### Supplied data
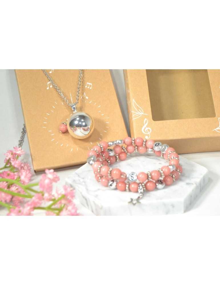Coffret cadeau Bola et bracelet d'allaitement en Quartz Rose
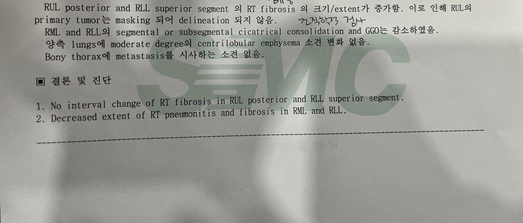 1. 폐상부/하부의 (우측 or 방사선 치료 후) 섬유화는 변화 없음
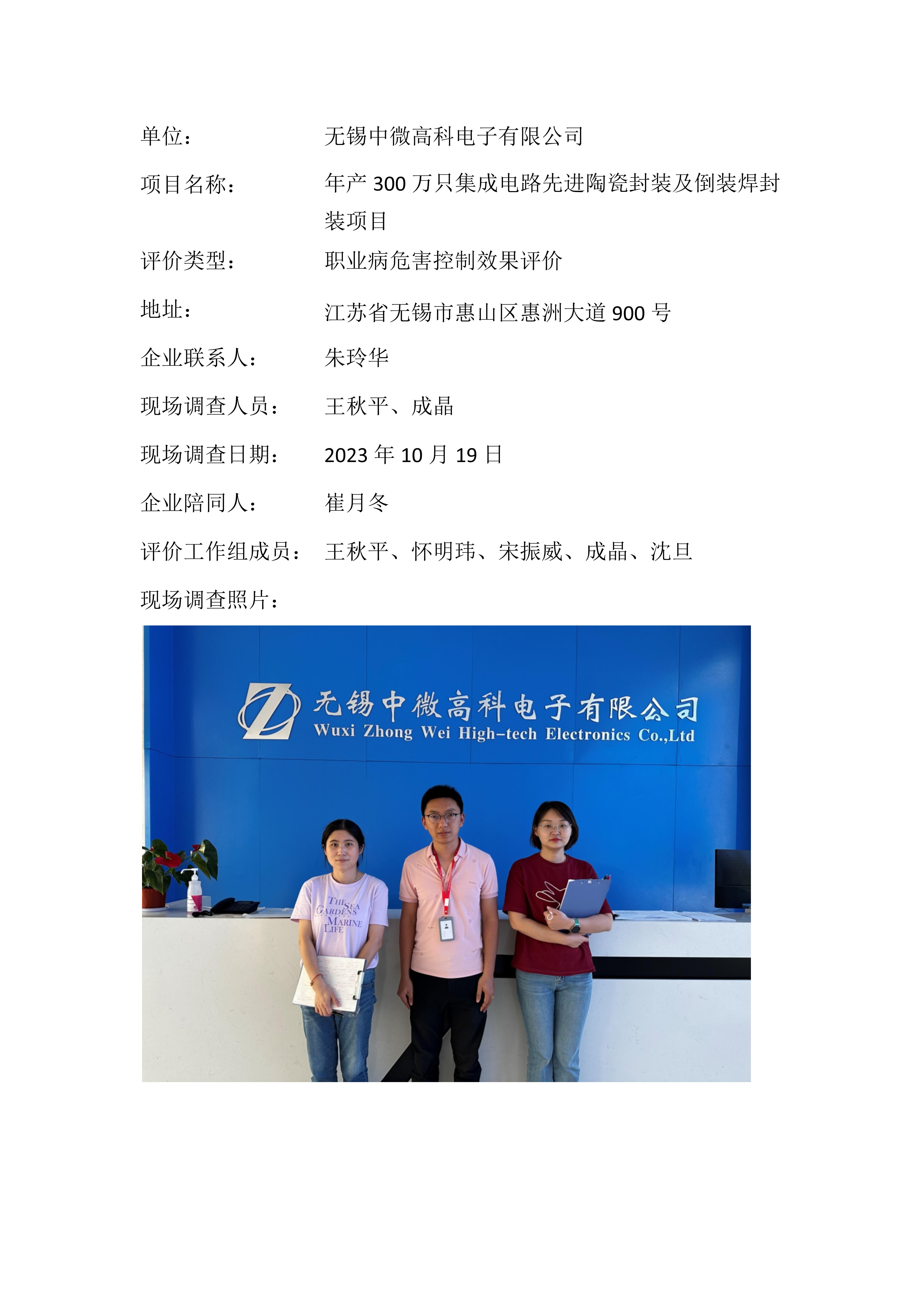 【职业病危害控制效果评价报告】无锡中微高科电子有限公司

### About this task
Copy out the whole listing word for word, except for any picture it includes.

### Solution
Coffret cadeau Bola et bracelet d'allaitement en Quartz Rose
 1. 폐상부/하부의 (우측 or 방사선 치료 후) 섬유화는 변화 없음
 【职业病危害控制效果评价报告】无锡中微高科电子有限公司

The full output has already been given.